Human Shows, Far Phantasies, Songs and Trifles
- Author: Thomas Hardy
- Language: English
- Genre: Poetry
- Publisher: Macmillan and Co.
- Publication date: 1925
- Publication place: London, England, United Kingdom
- Media type: Hardcover
- Pages: 279
- OCLC: 4111234

= Human Shows, Far Phantasies, Songs and Trifles =

Human Shows, Far Phantasies, Songs and Trifles is the penultimate collection of poems by English poet Thomas Hardy, and was published in 1925. A miscellaneous collection, Human Shows included old, new, and updated poems.

==Themes and tone==
The most cheerful of Hardy's collections, Human Shows has been seen as reflecting something of an Indian summer on its author's part: he himself, in his introduction to Winter Words, feared that he had been “too liberal in selecting flippant, not to say farcical, pieces into the collection”. A pastoral tone prevails, often dramatising characters from Hardy's fiction, and at times Hardy even seems to burlesque some of his own tragic themes—of ironic accidents and patterned fate—as in the sketch "Snow in the Suburbs".

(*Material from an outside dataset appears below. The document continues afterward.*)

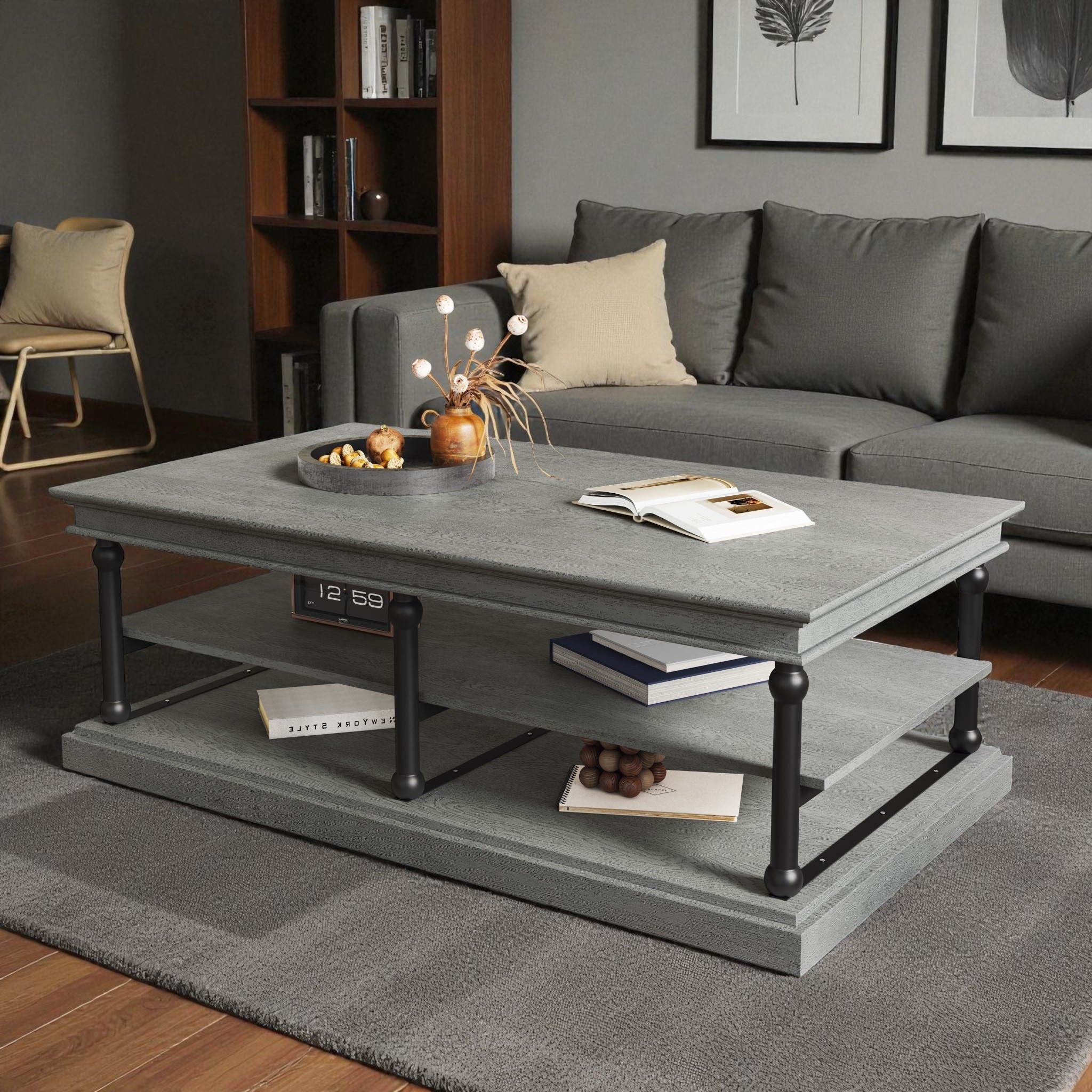 Farmhouse Lift Top Coffee Table with Fixed Shelf - 3 Hidden Storage Trays, Weathered Finish, Versatile Two-Tier Table

The collection includes more serious poems as well—memories of friends and family gone, as well as of his first wife Emma. "Alike and Unalike" records the beginning dissension in his marriage with his attachment to Florence Henniker; and "Nobody Comes" records his lonely wait for his second wife Florence Dugdale to return after an operation in London.